Italy has banned its high-technology fishing fleet from fishing for bluefin tuna this year. The decision, announced before the month-long fishing season began last weekend, means that 49 large purse-seine vessels capable of rounding up whole shoals of endangered bluefin will remain in port. The Italian catch quota is being given to “artisanal” vessels, fishing with long-lines.

Fishermen from the purse-seiners, who have tended to fish using spotter planes so they can catch the maximum amount of tuna, will be paid unemployment benefit.

A large number of skippers will receive nearly £5 million in compensation for decommissioning their vessels, with 30 out of the 49 being decommissioned by the end of this year.

Rumour has it that fishermen were content to stop fishing not only because they were paid handsomely to do so but because the local sub-stock of bluefin has disappeared from the fishing grounds.

EU eyes have been pointed on the Italian fleet, with a much smaller bluefin quota this year and the authorities are understood to have been wary of provoking legal action by getting into illegal fishing scandals like those which dogged the industry in 2007 and 2008.
The environmental group WWF, formerly the World Wildlife Fund, said Italy’s decision in tackling the bluefin’s decline should be seen as a good example which other countries should follow.

Dr Sergi Tudela of WWF Mediterranean said: “Italy’s decision to keep its purse seiners ashore is to be applauded and upheld as an example to follow.”

“Atlantic bluefin tuna stocks cannot resist for much longer – by all accounts the species is endangered, with current populations dwindling at less than 15 per cent of what they once were.
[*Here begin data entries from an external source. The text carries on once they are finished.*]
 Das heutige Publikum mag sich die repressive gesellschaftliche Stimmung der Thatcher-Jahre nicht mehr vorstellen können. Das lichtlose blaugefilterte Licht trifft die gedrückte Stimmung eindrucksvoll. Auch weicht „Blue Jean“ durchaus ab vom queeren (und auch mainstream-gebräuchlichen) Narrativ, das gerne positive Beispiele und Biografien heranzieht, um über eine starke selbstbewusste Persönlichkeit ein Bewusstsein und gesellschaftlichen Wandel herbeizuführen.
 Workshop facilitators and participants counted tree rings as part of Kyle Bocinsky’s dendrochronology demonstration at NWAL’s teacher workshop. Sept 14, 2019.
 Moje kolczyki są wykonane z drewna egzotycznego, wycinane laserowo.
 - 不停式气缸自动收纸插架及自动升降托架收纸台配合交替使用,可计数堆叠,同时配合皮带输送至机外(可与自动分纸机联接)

Nevertheless this year fleets are sanctioned to catch another 13,500 tonnes of fish, even when the rules are still widely violated.”
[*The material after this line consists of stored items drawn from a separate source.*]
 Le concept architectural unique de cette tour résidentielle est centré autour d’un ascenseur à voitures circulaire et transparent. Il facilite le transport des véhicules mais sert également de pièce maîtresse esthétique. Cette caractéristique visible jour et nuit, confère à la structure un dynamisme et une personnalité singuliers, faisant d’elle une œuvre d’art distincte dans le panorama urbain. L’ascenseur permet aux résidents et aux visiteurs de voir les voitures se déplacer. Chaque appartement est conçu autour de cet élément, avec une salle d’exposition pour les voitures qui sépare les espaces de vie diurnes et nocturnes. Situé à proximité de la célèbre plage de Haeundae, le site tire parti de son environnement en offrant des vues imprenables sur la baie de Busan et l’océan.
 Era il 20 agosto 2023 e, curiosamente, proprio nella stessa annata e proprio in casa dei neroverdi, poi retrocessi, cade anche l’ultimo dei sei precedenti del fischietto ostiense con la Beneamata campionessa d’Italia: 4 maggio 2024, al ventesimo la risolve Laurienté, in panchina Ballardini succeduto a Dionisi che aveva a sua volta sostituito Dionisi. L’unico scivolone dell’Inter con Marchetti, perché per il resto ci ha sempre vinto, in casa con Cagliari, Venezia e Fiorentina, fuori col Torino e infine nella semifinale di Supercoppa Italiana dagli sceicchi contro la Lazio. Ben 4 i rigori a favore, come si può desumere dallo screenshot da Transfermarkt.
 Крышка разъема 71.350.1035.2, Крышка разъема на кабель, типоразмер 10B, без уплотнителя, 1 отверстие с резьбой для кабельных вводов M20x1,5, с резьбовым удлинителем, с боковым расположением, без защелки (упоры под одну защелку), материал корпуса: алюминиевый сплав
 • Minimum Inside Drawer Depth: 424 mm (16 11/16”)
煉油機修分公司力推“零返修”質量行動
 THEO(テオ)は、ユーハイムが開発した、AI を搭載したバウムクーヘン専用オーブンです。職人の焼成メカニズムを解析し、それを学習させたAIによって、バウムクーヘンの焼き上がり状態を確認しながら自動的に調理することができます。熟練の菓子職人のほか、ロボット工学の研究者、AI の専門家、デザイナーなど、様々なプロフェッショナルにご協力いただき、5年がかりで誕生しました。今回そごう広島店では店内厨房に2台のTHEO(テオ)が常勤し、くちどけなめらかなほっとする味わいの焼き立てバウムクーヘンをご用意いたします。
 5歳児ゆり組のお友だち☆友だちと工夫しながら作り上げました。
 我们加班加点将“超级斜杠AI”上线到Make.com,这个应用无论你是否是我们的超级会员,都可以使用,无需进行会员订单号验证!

“WWF calls on ICCAT – the International Commission for the Conservation of Atlantic Tunas, the regional management organization in charge of the Atlantic bluefin tuna fishery – and its members to respect their commitments to sustainable fisheries management.”

“A sound recovery plan for the exhausted species must finally be imposed when ICCAT meets in Paris in November – including above all a dramatic cut in catches to well below 8,000 tonnes.”

The latest advice from renowned international scientists shows that an annual catch of 8,000 tonnes would give the Atlantic bluefin tuna at best a 50 per cent chance of recovery.